Перевела дух я лишь добравшись до леса и нырнув за какой-то раскидистый куст. Бежать дальше сил не осталось, но останавливаться мне было страшно. Поэтому я перешла на шаг.
«Погнались они за мной или нет? Видели, куда побежала?» – думала я, беспокойно оглядываясь и прислушиваясь.
На первый взгляд, в лесочке я находилась одна. Но ведь вполне возможно, что это не так. Во время побега мне некогда было смотреть по сторонам и уж тем более оглядываться назад, поэтому я не могла сказать наверняка, была за мной погоня или нет.

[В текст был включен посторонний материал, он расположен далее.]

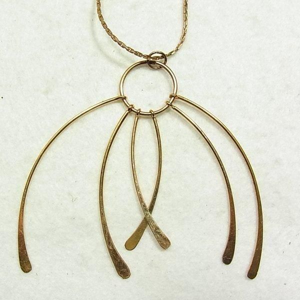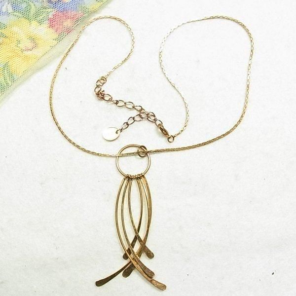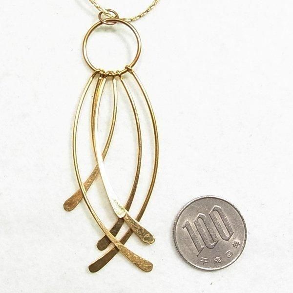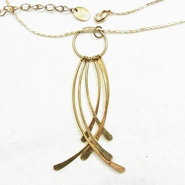 ● 曲線のバーが下がるペンダントネックレス ゴールドトーンのメタル製
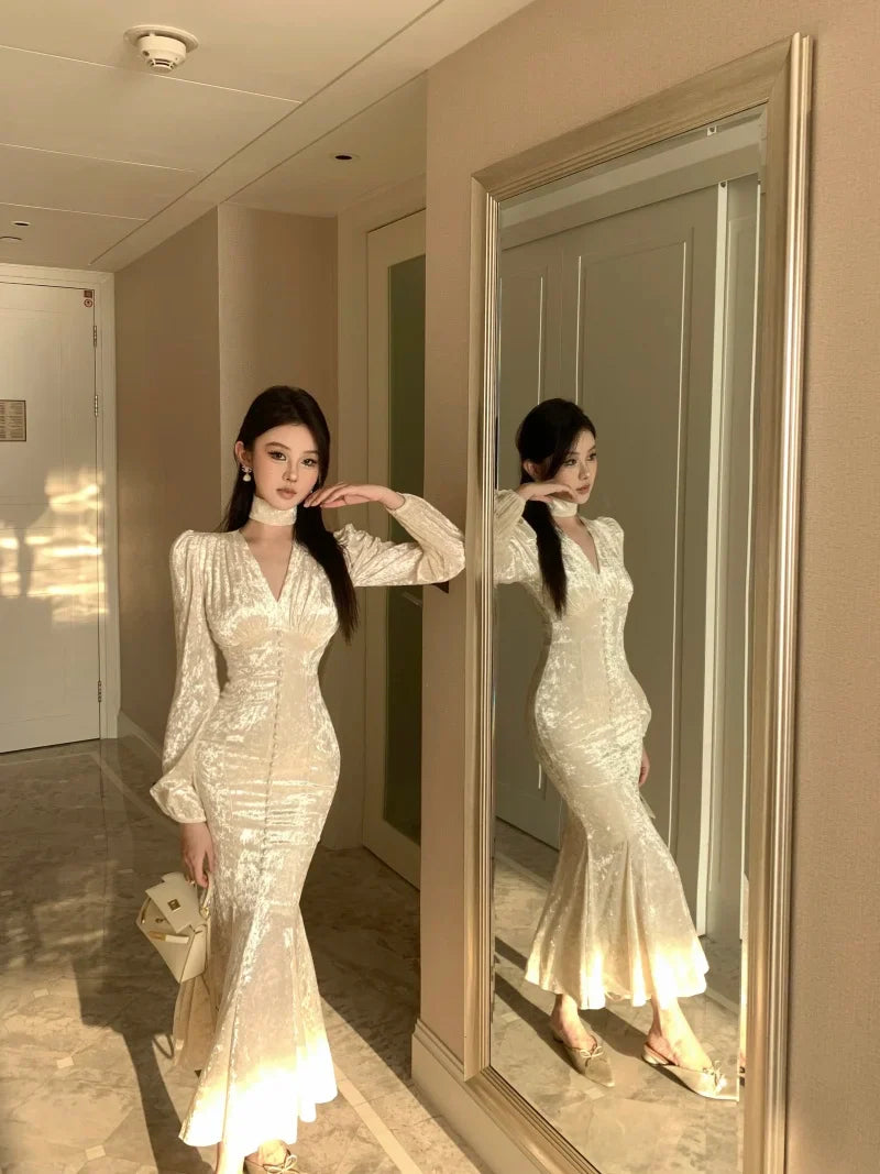 maoxiangshop Elegant Chic Single Breasted Velvet Midi Dresses for Women Spring Autumn Vintage Evening Party Slim Mermaid Female Clothing Robe

Уездные жандармы, что предъявили мне обвинение, не производили впечатления расторопных блюстителей порядка. Скорее это были вальяжные, привыкшие к беспрекословному подчинению местных пьяниц, служаки. Ведь это длинный, даже не соизволил удостовериться, что я не сбегу.
А вот Ярогорский, другое дело. Я вспомнила его слова о том, что он был незримо рядом со мной во время прогулок в парке и поездок за город. И эта мысль заставила меня похолодеть. Вдруг он и сейчас где-то поблизости?